# Have I made a mistake?



## scotlandboundsomeday (Apr 4, 2011)

The first time I applied (and was denied) I don't recall paying for the package to be sent back to me. I just got an e-mail w/ my UPS info shortly after being denied in a prior e-mail. I'm concerned about my appeal thats been sent to the Embassy in NYC. I did not send a money order or anything with this appeal. This is a portion from the e-mail I got last Friday:

_If you submitted your passport at the time of appeal, your entry clearance will shortly be issued.

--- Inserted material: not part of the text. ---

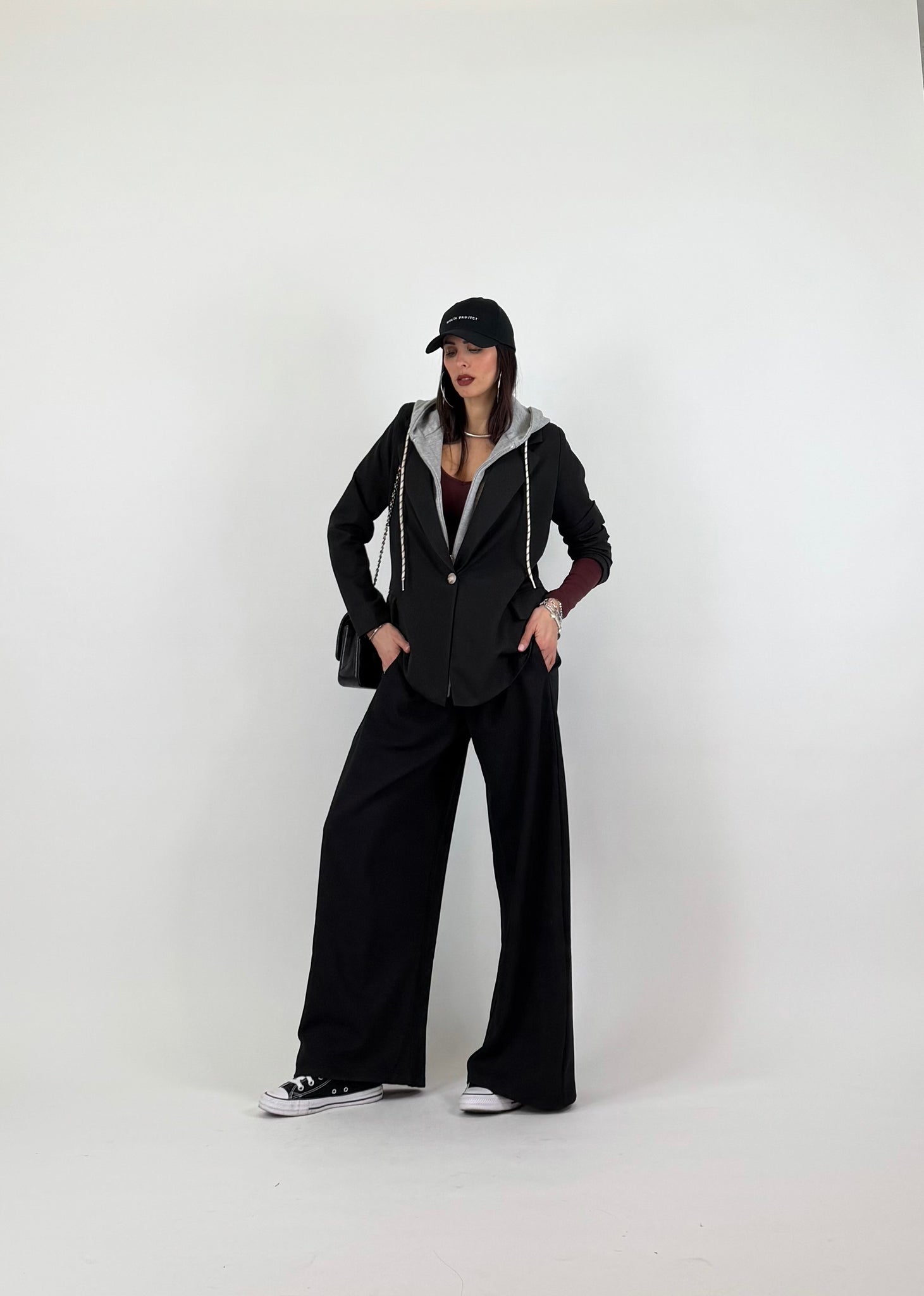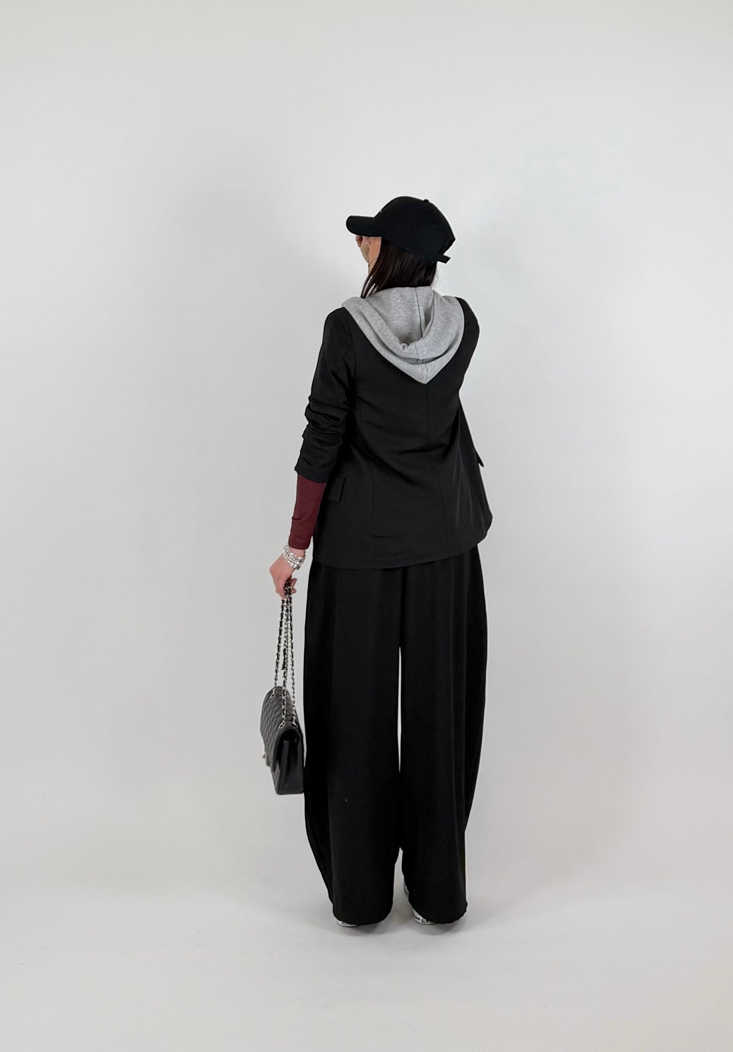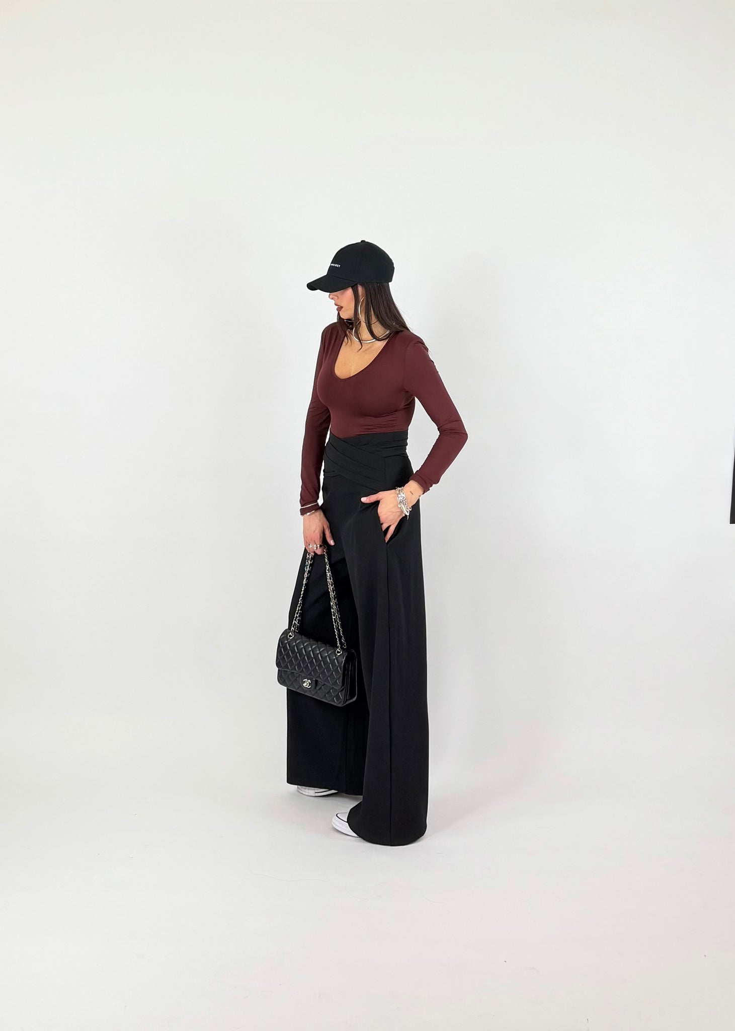 Pantalone taglio a palazzo, chiusura zip sul retro, dettaglio punto vita con bande a incrocio che si chiudono sul retro tramite bottoncini o che possono essere annodate sul davanti a decoro. Sm: 38-40 (lunghezza 106, vita 82cm ); ML: 42-44 abbondante (lunghezza 106, vita 84cm)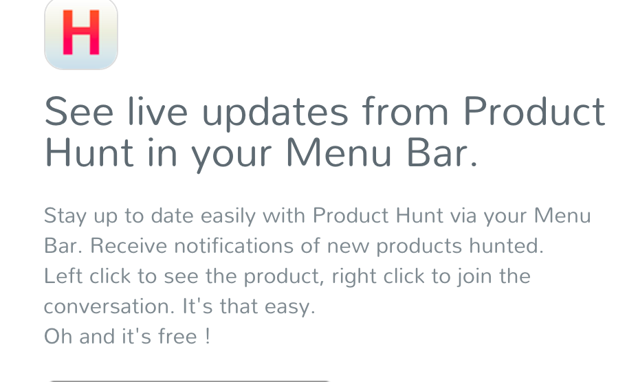 "Stay up to date easily with Product Hunt via your menu bar. Receive notifications of new products hunted. Left click to see the product, right click to join the conversation."

You will receive an email notifying you of this and providing you with a return UPS tracking number.

If you did not submit your passport at the time of appeal please send it back to us as soon as possible in order for your entry clearance to be issued. The envelope should be clearly marked for the attention of the Appeals Officer. You should also enclose a money order for $12, payable to the British Consulate General, in order for your passport and visa to be returned to you via overnight delivery by UPS._ 

I see the bit about the sending $12 back, but do they not mean the people who didn't send their passports? Our passports are with the appeal...I'm confused now ARGH!!! Also, this was the e-mail saying Entry Clearance was approved and would shortly be issued if I'd sent in my passports w/ the appeal (which I had)...Thanks for any help!


----------



## Joppa (Sep 7, 2009)

scotlandboundsomeday said:


> The first time I applied (and was denied) I don't recall paying for the package to be sent back to me. I just got an e-mail w/ my UPS info shortly after being denied in a prior e-mail. I'm concerned about my appeal thats been sent to the Embassy in NYC. I did not send a money order or anything with this appeal. This is a portion from the e-mail I got last Friday:
> 
> _If you submitted your passport at the time of appeal, your entry clearance will shortly be issued. You will receive an email notifying you of this and providing you with a return UPS tracking number.
> 
> ...


If you went to full appeal, then the decision to allow your visa was made in London by an immigration judge.

_What happens if my appeal is allowed by an Immigration Judge? 

If your appeal is allowed, the determination will be sent to the relevant visa section who will in turn contact you. It can take up to 4 weeks for allowed determinations to reach the relevant visa section and *a further 8 weeks to process the determination*. The visa section will write to you using the contact details provided on your appeal form (IAFT-2). Please do not contact the visa section until 12 weeks have passed from the date you or your representative received the allowed determination. This date will be stated on your written determination. 

Do not contact the First-tier Tribunal (Immigration and Asylum Chamber) or the Immigration Enquiry Bureau (IEB) about your appeal after you have received your allowed determination. They will not be able to issue you with a visa or deal with your enquiry._
Appeals - visa application guide

Looks like you just have to wait until you get your visa, hopefully not 8 weeks! No, you don't need to send $12 as you have enclosed your passport with your appeal papers.
When did you lodge your appeal, and when did you hear about your successful appeal?


----------



## scotlandboundsomeday (Apr 4, 2011)

Joppa said:


> If you went to full appeal, then the decision to allow your visa was made in London by an immigration judge.
> 
> _What happens if my appeal is allowed by an Immigration Judge?
> 
> ...


I sent my appeal back to the same NY processing office UKBA who denied me the first time. I was told by them that if they overturned the original decision that I would hear back by e-mail. That if they denied it again, that @ that point it would be sent to the UK.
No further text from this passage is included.